Therapeutic effect of isovolemic hemodilution with dextran 60 on the impairment of pancreatic microcirculation in acute biliary pancreatitis.

Dextran of different molecular weight (Dx 40, Dx 60/70) has often been evaluated as adjunct treatment of experimental acute pancreatitis. A beneficial effect has been documented by a decrease in its lethality. However, the mechanism of action is poorly understood. A specific effect on the pancreatic microcirculation generally has not been documented and differentiation from unspecific improvement of pancreatic blood flow due to volume expansion has been difficult.

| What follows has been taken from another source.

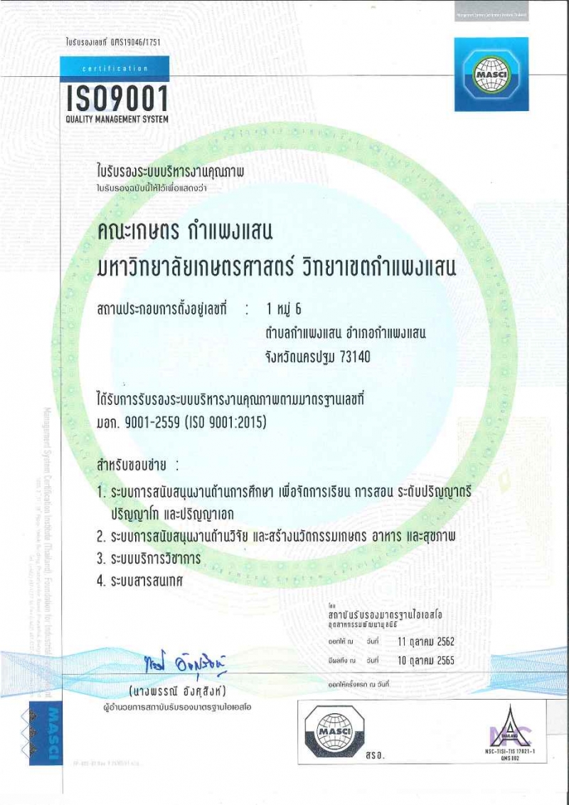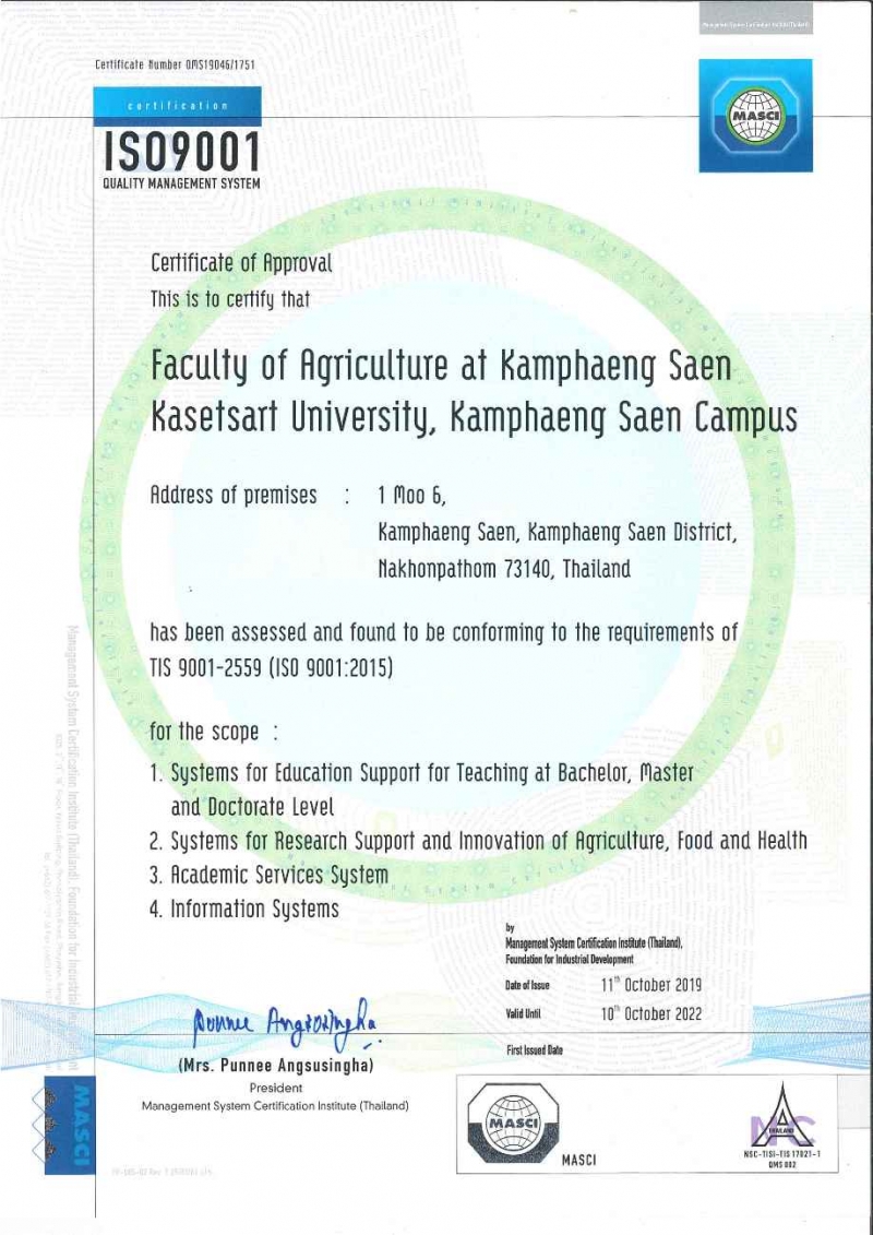 โดย เมื่อวันพฤหัสบดีที่ 28 พฤศจิกายน 2562 รศ.ดร. ปภพ สินชยกุล คณบดีคณะเกษตรกำแพงแสน ผศ.ดร. ศศิธร นาคทอง รองคณบดีฝ่ายวิจัยและบริการวิชาการ พร้อมด้วยผู้บริหาร และบุคลากร คณะเกษตร กำแพงแสน เข้ารับใบรับรองระบบบริหารงานคุณภาพ จาก นางพรรณี อังศุสิงห์ ผู้อำนวยการสถาบันรับรองมาตรฐานไอเอสโอ ณ สำนักงานสถาบันรับรองมาตรฐานไอเอสโอ อาคารยาคูลท์ กรุงเทพฯ

This investigation was designed to quantify the effect of dextran on the impairment of pancreatic microcirculation during acute biliary pancreatitis by means of intravital microscopy. Dextran 60 (Dx 60, molecular weight 60,000) was chosen in light of the increase in vascular permeability in the early stage of pancreatitis as demonstrated previously in the same model. Isovolemic hemodilution, i.e., exchange of whole blood for Dx 60 was used as a mode of administration to achieve instantaneous onset of therapy without changes in intravascular volume. In the control group a progressive reduction of pancreatic capillary perfusion commenced 30 minutes after induction of acute pancreatitis, resulting in cessation of nutritive tissue perfusion after 3 hours. In the animals subjected to hemodilution, stabilization of the pancreatic microcirculation was accomplished throughout the observation period of 6 hours. Because volume-related effects could be excluded by the protocol and by monitoring central venous pressure and hematocrit, a specific effect of hemodilution with DX 60 on the pancreatic microcirculation is indicated by our results.